Coca-Cola: Cổ phiếu trả cổ tức- Ảnh 2.

Coca-Cola’s ability to pay its dividend is underpinned by its strong financial position. Free cash flow improved to $9.7 billion last year, up from $9.5 billion in 2022. Management expects to spend a little more in 2024, bringing cash flow down to about $9.2 billion. That’s still well above the $8 billion in dividends the company paid out over the past 12 months.

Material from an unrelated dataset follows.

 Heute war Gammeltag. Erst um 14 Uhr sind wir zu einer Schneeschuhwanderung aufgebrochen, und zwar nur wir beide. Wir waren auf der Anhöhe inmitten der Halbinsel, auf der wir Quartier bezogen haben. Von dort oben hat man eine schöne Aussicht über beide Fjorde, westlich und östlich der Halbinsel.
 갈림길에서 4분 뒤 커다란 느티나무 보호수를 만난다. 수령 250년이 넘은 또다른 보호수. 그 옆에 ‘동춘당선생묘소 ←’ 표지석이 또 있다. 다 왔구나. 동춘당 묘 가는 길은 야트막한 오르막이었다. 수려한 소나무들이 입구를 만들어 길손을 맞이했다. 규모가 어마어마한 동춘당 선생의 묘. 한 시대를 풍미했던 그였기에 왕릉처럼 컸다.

Earnings trends are also very positive. Thanks to price increases and increased sales volumes, Coca-Cola has raised its profit margin to 29.1% of revenue in 2023, up from 28.7% in 2022. That’s double PepsiCo’s profit margin. That means dividend investors can expect their payouts to continue to rise in the coming years, as they have done for the past 60 years.

Coca-Cola: Cổ phiếu trả cổ tức- Ảnh 3.

Coca-Cola shares trade at 5.8 times earnings, double that of PepsiCo. However, the price-to-earnings (P/S) ratio has been as high as 7 times over the past five years. Coca-Cola shares have become cheaper as Wall Street investors have shifted their focus to high-growth stocks in the technology sector.

Dividend-oriented investors have taken advantage of this short-term sentiment shift to invest in this stellar business. Indeed, Coca-Cola is forecasting revenue growth to slow to 6-7% this year, and earnings may only increase by about 5%.

Still, that steady growth in both metrics is what shareholders have come to expect from the leading beverage company. Some years will see unusually strong growth, while others will be more modest. But throughout, Coca-Cola tends to have little trouble capitalizing on its enormous competitive advantage.